礼儀に厳しい昔気質の印象が強いが、後輩を思う愛情は深い。漫才コンテスト「M-1グランプリ」の審査で、敗者復活から優勝したサンドウィッチマンを「なぜ決勝の舞台に敗者復活でなしに残ってへんのか」と絶賛したのは語り草。耳鳴りの症状が出た年は「後輩の人生がかかっているのに聞きそびれるわけには」と審査員を辞退した。

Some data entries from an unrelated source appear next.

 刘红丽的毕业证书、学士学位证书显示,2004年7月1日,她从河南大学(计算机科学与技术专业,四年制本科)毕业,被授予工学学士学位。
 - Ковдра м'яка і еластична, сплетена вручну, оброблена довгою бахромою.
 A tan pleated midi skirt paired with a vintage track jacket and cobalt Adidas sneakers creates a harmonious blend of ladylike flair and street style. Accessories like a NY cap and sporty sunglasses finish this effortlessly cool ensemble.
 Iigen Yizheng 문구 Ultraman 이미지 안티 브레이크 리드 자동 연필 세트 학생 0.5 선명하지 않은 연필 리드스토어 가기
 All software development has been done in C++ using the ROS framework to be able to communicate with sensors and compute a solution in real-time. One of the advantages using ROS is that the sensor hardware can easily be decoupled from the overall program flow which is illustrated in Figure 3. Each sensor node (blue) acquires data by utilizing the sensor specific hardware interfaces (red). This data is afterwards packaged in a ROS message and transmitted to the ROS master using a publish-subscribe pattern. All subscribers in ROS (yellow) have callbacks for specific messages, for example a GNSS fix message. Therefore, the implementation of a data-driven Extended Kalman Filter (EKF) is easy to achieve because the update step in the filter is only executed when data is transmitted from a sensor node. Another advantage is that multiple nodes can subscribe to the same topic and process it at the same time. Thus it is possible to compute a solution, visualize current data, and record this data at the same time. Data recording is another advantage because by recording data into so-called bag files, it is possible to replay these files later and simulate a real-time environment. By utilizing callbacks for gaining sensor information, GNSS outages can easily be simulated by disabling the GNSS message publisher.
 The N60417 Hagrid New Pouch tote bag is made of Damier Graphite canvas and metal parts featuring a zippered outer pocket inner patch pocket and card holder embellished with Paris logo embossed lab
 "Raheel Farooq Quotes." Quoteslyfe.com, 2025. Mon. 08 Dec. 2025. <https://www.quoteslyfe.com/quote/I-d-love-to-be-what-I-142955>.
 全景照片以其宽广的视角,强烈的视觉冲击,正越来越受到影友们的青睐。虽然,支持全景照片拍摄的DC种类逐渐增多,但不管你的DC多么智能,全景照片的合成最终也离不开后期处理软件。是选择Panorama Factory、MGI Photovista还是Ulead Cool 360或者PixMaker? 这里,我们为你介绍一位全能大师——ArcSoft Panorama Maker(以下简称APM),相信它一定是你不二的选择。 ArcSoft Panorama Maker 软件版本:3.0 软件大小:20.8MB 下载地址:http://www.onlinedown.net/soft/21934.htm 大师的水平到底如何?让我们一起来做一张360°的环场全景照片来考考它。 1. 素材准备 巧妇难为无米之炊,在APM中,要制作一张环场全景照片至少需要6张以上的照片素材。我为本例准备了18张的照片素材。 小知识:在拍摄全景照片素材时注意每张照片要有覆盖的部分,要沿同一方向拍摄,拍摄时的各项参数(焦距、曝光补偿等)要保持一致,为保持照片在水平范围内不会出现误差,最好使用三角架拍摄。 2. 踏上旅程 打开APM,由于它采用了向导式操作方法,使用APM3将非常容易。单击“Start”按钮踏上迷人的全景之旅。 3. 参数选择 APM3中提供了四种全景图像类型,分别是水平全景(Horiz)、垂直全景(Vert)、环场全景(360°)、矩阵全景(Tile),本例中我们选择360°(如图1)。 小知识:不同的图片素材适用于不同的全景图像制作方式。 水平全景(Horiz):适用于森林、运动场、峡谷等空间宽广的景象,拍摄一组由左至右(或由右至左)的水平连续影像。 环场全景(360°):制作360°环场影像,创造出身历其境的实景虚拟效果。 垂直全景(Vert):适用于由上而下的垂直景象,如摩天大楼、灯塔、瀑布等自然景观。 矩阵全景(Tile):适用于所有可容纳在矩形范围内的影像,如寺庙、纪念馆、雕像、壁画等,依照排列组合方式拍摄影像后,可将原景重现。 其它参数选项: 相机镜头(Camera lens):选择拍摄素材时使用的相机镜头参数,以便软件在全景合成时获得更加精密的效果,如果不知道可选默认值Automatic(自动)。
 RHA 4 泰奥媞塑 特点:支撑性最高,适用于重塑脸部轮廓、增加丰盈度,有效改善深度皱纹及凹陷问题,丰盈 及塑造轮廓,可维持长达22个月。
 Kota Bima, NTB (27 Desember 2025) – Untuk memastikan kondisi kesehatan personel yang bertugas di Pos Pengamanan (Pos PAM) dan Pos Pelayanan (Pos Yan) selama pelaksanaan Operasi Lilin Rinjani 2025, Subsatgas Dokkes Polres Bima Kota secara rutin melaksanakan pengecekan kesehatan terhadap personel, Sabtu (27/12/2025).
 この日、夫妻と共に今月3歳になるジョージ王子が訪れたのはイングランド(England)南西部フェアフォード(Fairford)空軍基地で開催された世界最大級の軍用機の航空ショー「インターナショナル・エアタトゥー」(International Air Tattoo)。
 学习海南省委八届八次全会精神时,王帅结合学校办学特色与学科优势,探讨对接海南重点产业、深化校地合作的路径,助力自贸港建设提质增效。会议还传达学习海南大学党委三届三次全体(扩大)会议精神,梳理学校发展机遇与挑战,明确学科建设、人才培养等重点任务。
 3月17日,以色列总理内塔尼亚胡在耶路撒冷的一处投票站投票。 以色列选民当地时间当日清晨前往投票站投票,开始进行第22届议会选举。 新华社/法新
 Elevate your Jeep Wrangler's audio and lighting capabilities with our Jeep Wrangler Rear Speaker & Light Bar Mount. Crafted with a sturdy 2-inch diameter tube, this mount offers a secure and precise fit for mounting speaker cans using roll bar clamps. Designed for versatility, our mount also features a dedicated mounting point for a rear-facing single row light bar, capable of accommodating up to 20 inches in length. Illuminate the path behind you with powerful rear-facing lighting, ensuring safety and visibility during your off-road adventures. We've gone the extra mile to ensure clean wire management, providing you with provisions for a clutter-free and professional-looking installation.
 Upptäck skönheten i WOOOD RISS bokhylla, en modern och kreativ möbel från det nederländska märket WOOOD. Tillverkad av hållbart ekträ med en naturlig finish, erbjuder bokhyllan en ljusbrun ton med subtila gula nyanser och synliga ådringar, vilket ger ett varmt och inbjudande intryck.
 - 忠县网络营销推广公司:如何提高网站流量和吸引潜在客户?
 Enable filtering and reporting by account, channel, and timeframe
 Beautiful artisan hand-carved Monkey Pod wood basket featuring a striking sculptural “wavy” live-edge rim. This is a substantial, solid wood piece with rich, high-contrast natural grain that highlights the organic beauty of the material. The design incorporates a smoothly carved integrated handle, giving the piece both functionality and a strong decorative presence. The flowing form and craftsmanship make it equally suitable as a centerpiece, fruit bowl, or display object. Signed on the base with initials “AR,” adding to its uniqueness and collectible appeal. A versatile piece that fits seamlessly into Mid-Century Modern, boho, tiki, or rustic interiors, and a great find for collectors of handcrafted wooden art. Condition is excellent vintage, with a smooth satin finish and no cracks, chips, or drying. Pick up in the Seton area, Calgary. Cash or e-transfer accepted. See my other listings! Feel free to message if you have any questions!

筋が通らないことは大嫌いだ。最近、自宅近くの料理屋でイヤな思いをした。ビール1本、焼酎1杯、イカのお造りとカキフライで4000円。店を出て「待てよ」。料理1700円、ビール700円、焼酎600円、突き出し300円。記憶と相場ではじいた勘定は3300円。「戻るわけにもいかんしね」。今度また行って同じ物を頼んでやろうと思うてます、と笑う。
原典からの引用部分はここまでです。